------ Available data ------

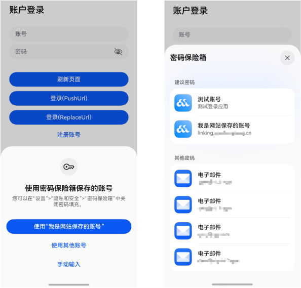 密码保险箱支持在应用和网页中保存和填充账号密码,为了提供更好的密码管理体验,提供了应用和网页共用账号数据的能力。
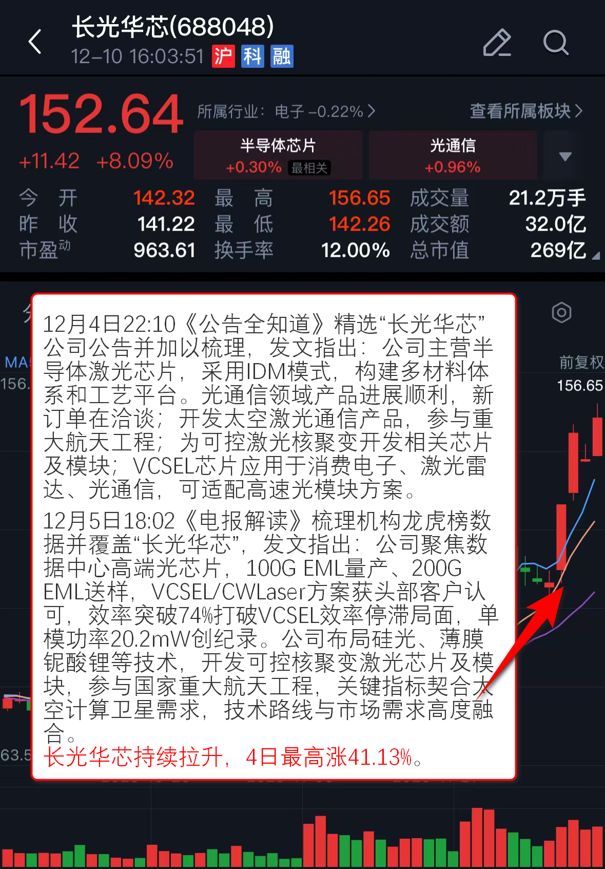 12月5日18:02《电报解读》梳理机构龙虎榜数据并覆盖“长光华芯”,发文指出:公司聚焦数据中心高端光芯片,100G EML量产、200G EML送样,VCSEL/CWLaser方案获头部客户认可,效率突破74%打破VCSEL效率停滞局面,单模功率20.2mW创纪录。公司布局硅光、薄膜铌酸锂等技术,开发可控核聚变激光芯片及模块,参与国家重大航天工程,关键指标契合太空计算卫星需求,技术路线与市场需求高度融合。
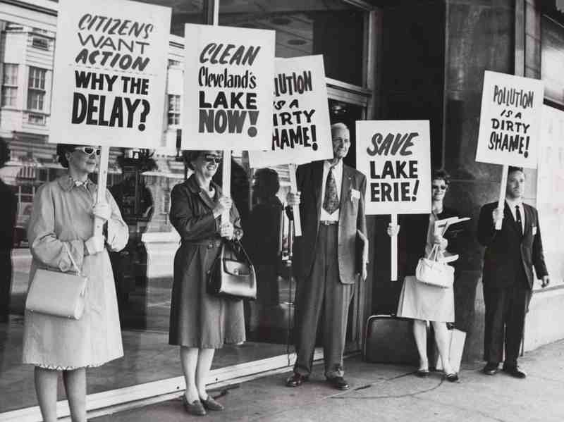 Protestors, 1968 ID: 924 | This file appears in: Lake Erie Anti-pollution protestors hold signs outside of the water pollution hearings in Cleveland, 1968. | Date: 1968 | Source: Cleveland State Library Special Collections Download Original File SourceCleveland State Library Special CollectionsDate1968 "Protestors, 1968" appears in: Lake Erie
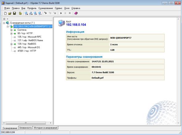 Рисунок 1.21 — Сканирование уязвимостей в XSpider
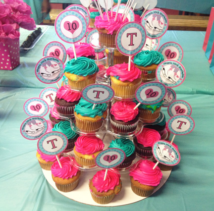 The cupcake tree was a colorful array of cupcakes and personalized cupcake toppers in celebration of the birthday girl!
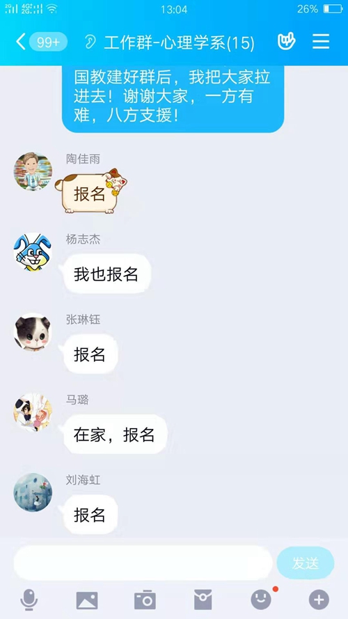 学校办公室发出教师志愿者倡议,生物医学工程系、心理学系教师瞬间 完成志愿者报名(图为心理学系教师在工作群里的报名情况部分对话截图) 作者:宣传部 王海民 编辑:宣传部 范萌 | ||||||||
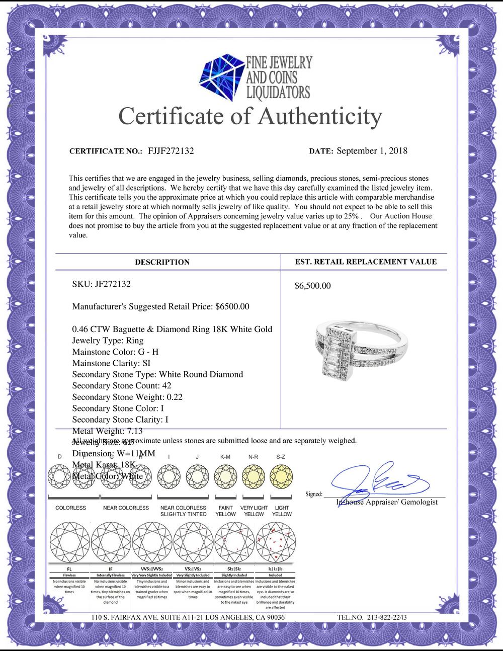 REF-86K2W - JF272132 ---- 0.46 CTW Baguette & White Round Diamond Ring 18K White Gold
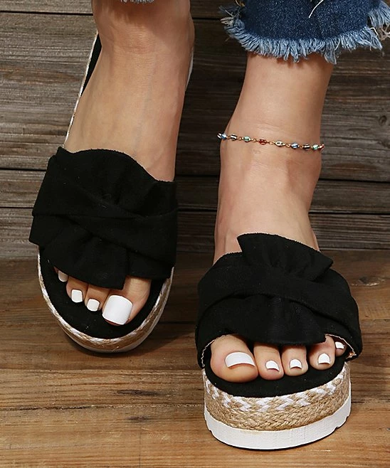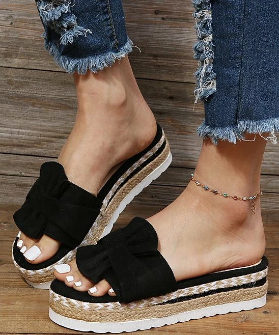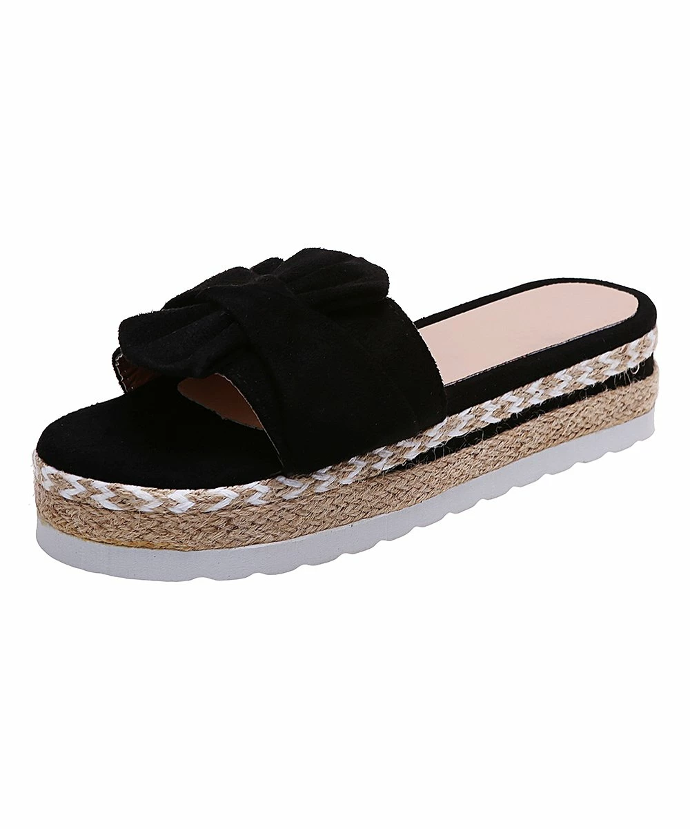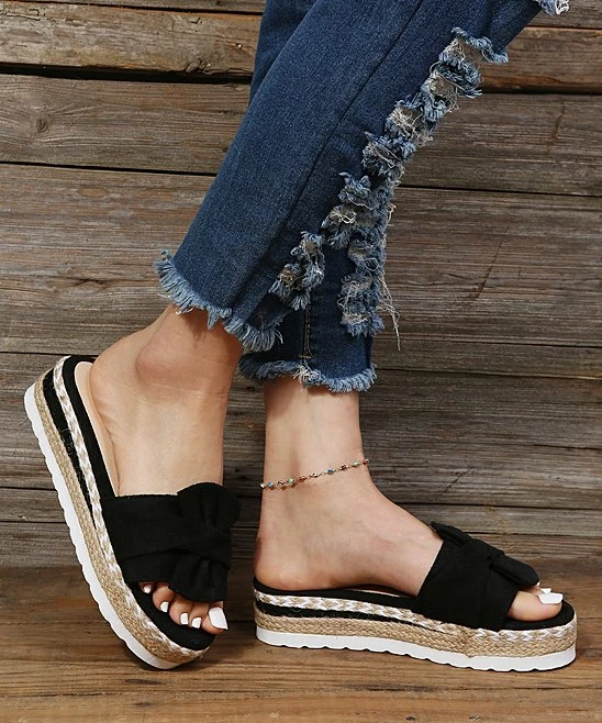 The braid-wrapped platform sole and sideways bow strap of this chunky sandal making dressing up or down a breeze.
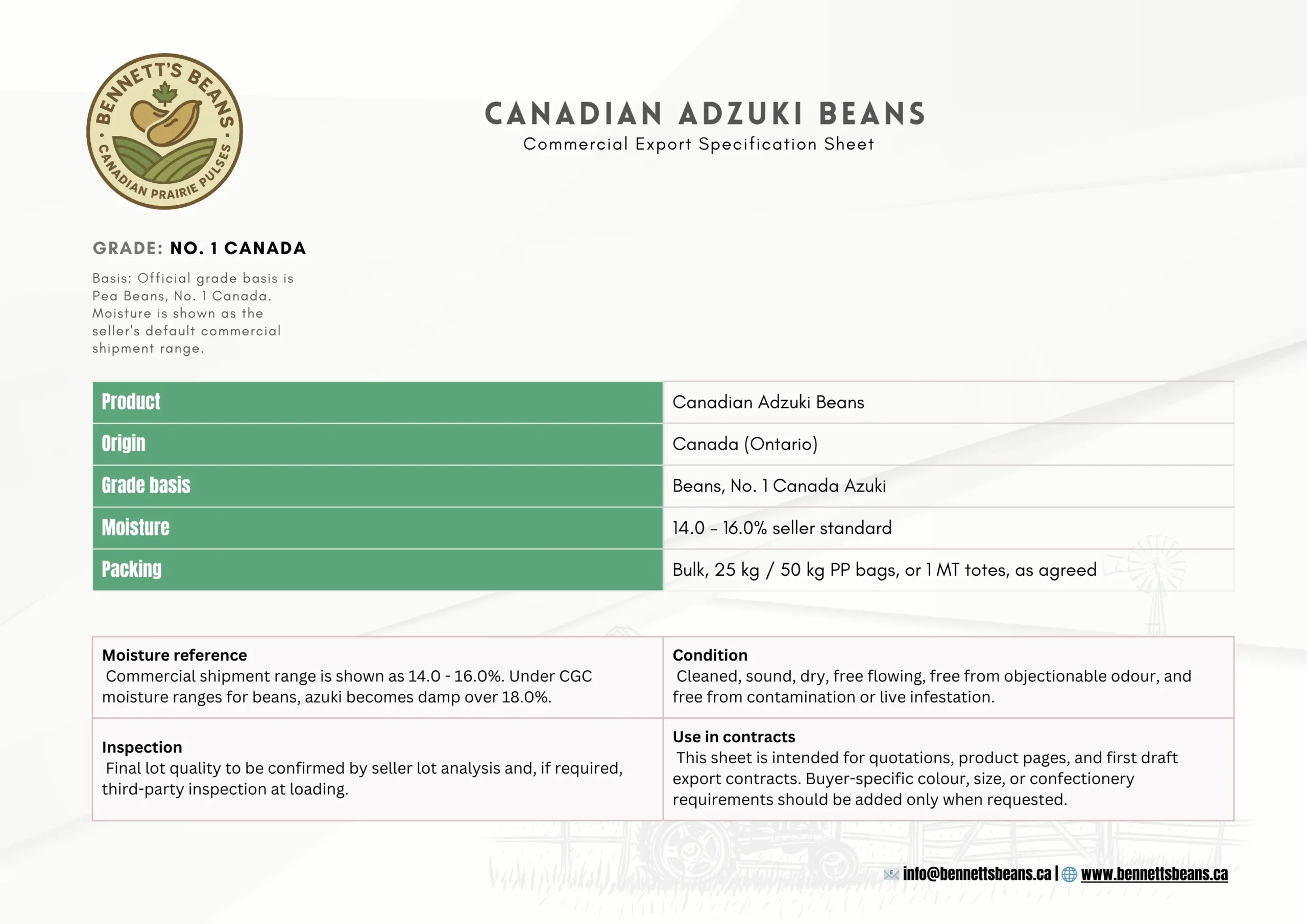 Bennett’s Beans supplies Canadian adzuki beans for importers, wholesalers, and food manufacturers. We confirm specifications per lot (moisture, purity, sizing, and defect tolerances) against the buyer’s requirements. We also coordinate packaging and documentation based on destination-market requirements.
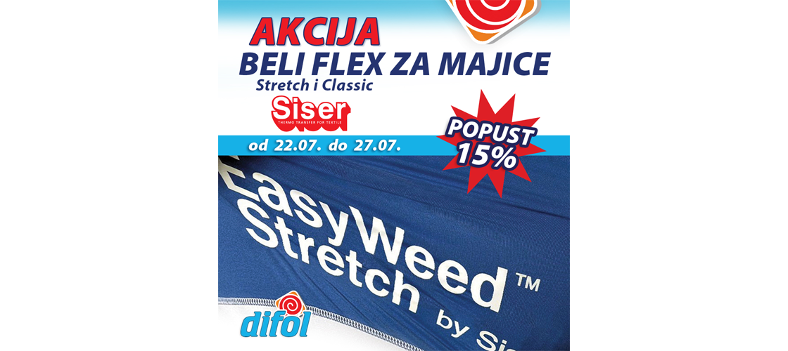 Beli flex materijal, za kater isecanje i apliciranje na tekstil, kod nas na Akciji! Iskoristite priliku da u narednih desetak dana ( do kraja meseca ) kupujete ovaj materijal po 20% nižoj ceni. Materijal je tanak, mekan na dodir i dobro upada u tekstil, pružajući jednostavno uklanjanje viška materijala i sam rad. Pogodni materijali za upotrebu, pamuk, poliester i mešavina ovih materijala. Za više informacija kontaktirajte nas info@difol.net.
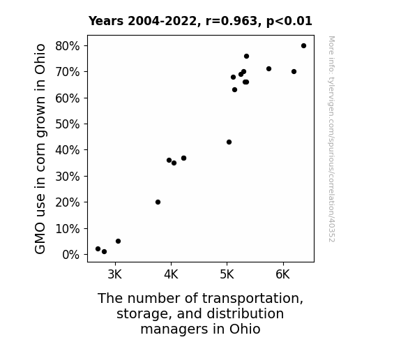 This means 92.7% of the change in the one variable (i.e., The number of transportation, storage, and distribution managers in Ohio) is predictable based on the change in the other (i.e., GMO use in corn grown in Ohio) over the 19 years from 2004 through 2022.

------

Exercise directions: Would you transcribe the listing above line by line, exactly, leaving every picture out?

Written solution:
 密码保险箱支持在应用和网页中保存和填充账号密码,为了提供更好的密码管理体验,提供了应用和网页共用账号数据的能力。
 12月5日18:02《电报解读》梳理机构龙虎榜数据并覆盖“长光华芯”,发文指出:公司聚焦数据中心高端光芯片,100G EML量产、200G EML送样,VCSEL/CWLaser方案获头部客户认可,效率突破74%打破VCSEL效率停滞局面,单模功率20.2mW创纪录。公司布局硅光、薄膜铌酸锂等技术,开发可控核聚变激光芯片及模块,参与国家重大航天工程,关键指标契合太空计算卫星需求,技术路线与市场需求高度融合。
 Protestors, 1968 ID: 924 | This file appears in: Lake Erie Anti-pollution protestors hold signs outside of the water pollution hearings in Cleveland, 1968. | Date: 1968 | Source: Cleveland State Library Special Collections Download Original File SourceCleveland State Library Special CollectionsDate1968 "Protestors, 1968" appears in: Lake Erie
 Рисунок 1.21 — Сканирование уязвимостей в XSpider
 The cupcake tree was a colorful array of cupcakes and personalized cupcake toppers in celebration of the birthday girl!
 学校办公室发出教师志愿者倡议,生物医学工程系、心理学系教师瞬间 完成志愿者报名(图为心理学系教师在工作群里的报名情况部分对话截图) 作者:宣传部 王海民 编辑:宣传部 范萌 | ||||||||
 REF-86K2W - JF272132 ---- 0.46 CTW Baguette & White Round Diamond Ring 18K White Gold
 The braid-wrapped platform sole and sideways bow strap of this chunky sandal making dressing up or down a breeze.
 Bennett’s Beans supplies Canadian adzuki beans for importers, wholesalers, and food manufacturers. We confirm specifications per lot (moisture, purity, sizing, and defect tolerances) against the buyer’s requirements. We also coordinate packaging and documentation based on destination-market requirements.
 Beli flex materijal, za kater isecanje i apliciranje na tekstil, kod nas na Akciji! Iskoristite priliku da u narednih desetak dana ( do kraja meseca ) kupujete ovaj materijal po 20% nižoj ceni. Materijal je tanak, mekan na dodir i dobro upada u tekstil, pružajući jednostavno uklanjanje viška materijala i sam rad. Pogodni materijali za upotrebu, pamuk, poliester i mešavina ovih materijala. Za više informacija kontaktirajte nas info@difol.net.
 This means 92.7% of the change in the one variable (i.e., The number of transportation, storage, and distribution managers in Ohio) is predictable based on the change in the other (i.e., GMO use in corn grown in Ohio) over the 19 years from 2004 through 2022.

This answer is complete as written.